10 migliori app fitness

10 App fitness utili per gli appassionati 

Ormai è risaputo, l’attività fisica fa bene a corpo e mente. Sport e allenamenti ci mantengono in forma e in salute, ma contribuiscono anche a migliorare l’umore e a regalarci quel senso di benessere e relax post training tanto apprezzato dagli atleti.

La motivazione è la chiave del successo di ogni attività fisica, che si tratti di un programma di allenamento funzionale, di una sessione di running o di altre tipologie di sport. Ma la vera difficoltà è riuscire a mantenerla sempre al massimo e puntare dritti agli obiettivi che ci si è prefissati.

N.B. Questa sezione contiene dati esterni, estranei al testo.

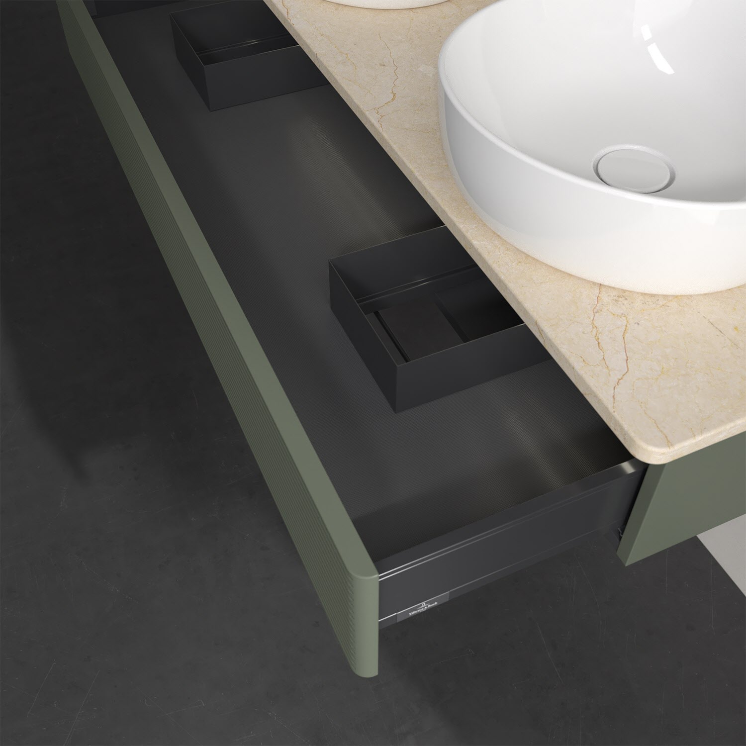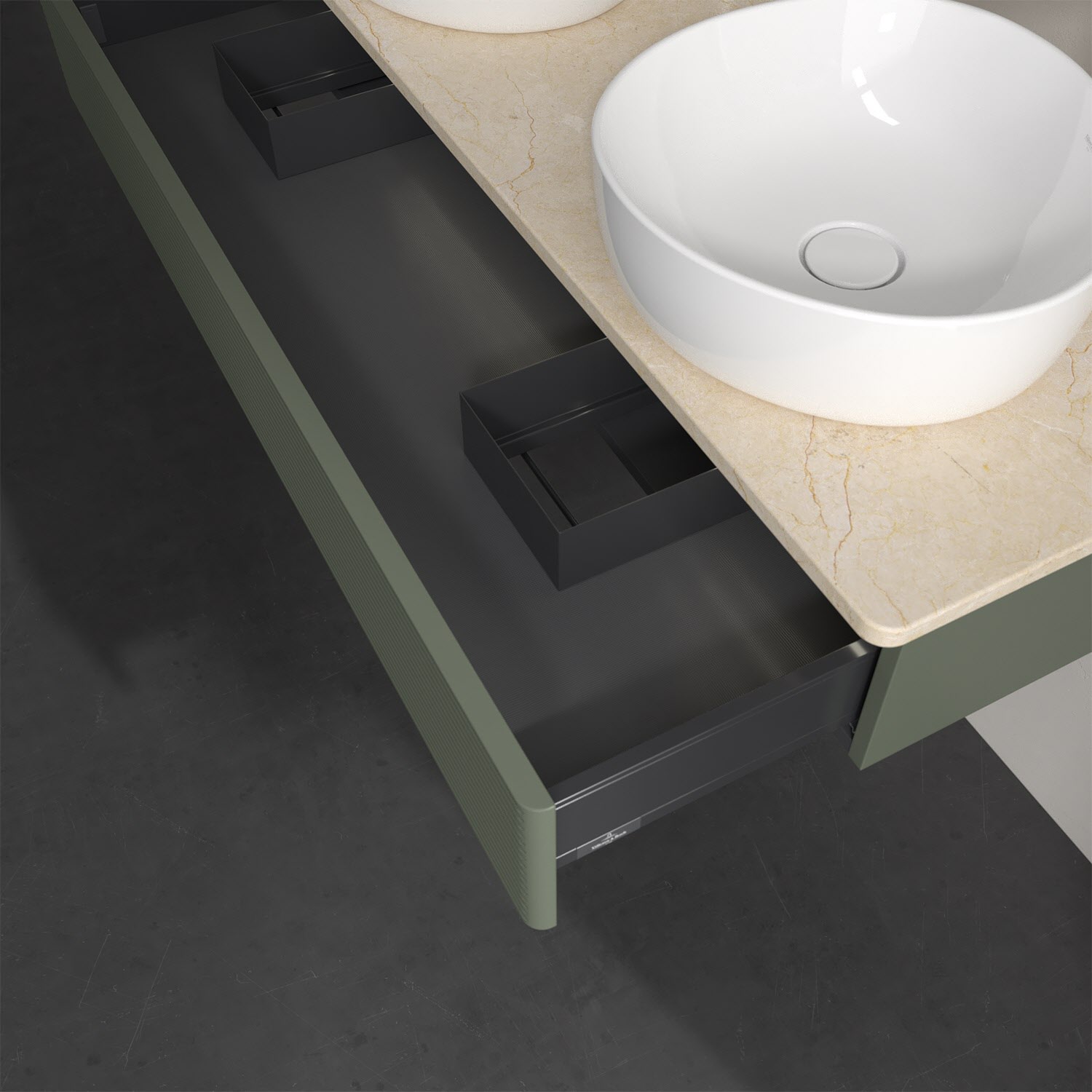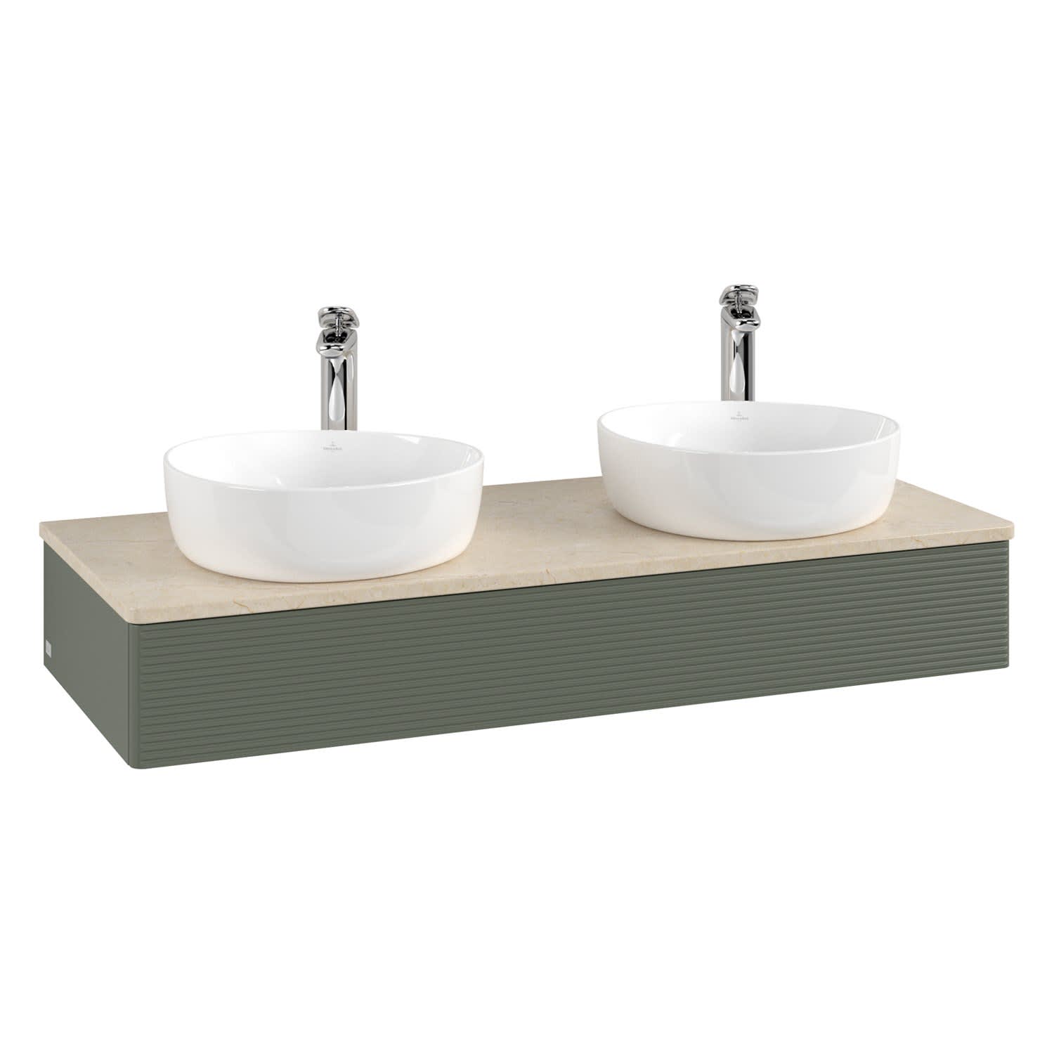 Villeroy & Boch Antao Waschbeckenunterschrank, 120 x 19 cm, 1 Auszug mit LED-Licht, Front mit Struktur, mit Hahnloch, für Waschtisch links und rechts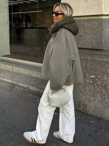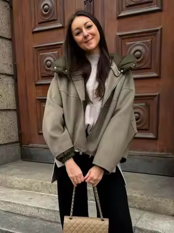 Hooded Woolen Jacket Coat Large Pocket Metal Button Commute Women Short Overcoat Contrast Color Outwear Loose Casual Blouse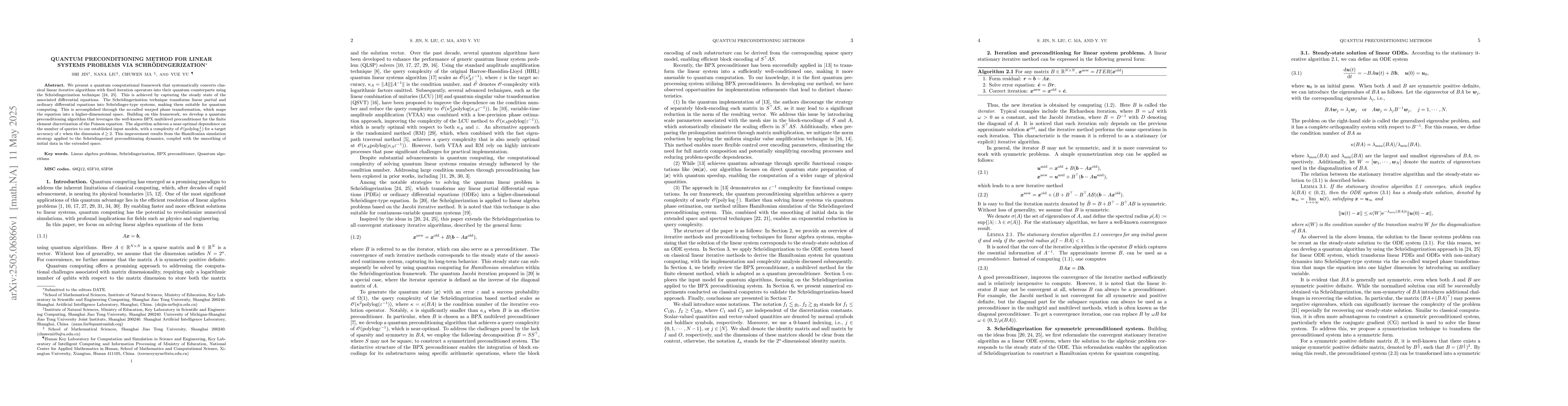 The main technical contribution is the quantum preconditioning algorithm via Schrödingerization, which offers improved complexity for solving linear systems problems on quantum computers.

Ci saranno sempre i giorni in cui ci si sente esausti da una giornata di lavoro, in cui il meteo non è favorevole, o in cui non si ha proprio voglia di rispettare la propria tabella di marcia. Per mantenere costanza e determinazione può essere di grande aiuto stabilire i propri obiettivi e misurarli giorno per giorno. Come? Semplice, monitorando la propria attività fisica! La percezione dei miglioramenti (anche i più piccoli) rappresenta un grande incentivo per andare avanti!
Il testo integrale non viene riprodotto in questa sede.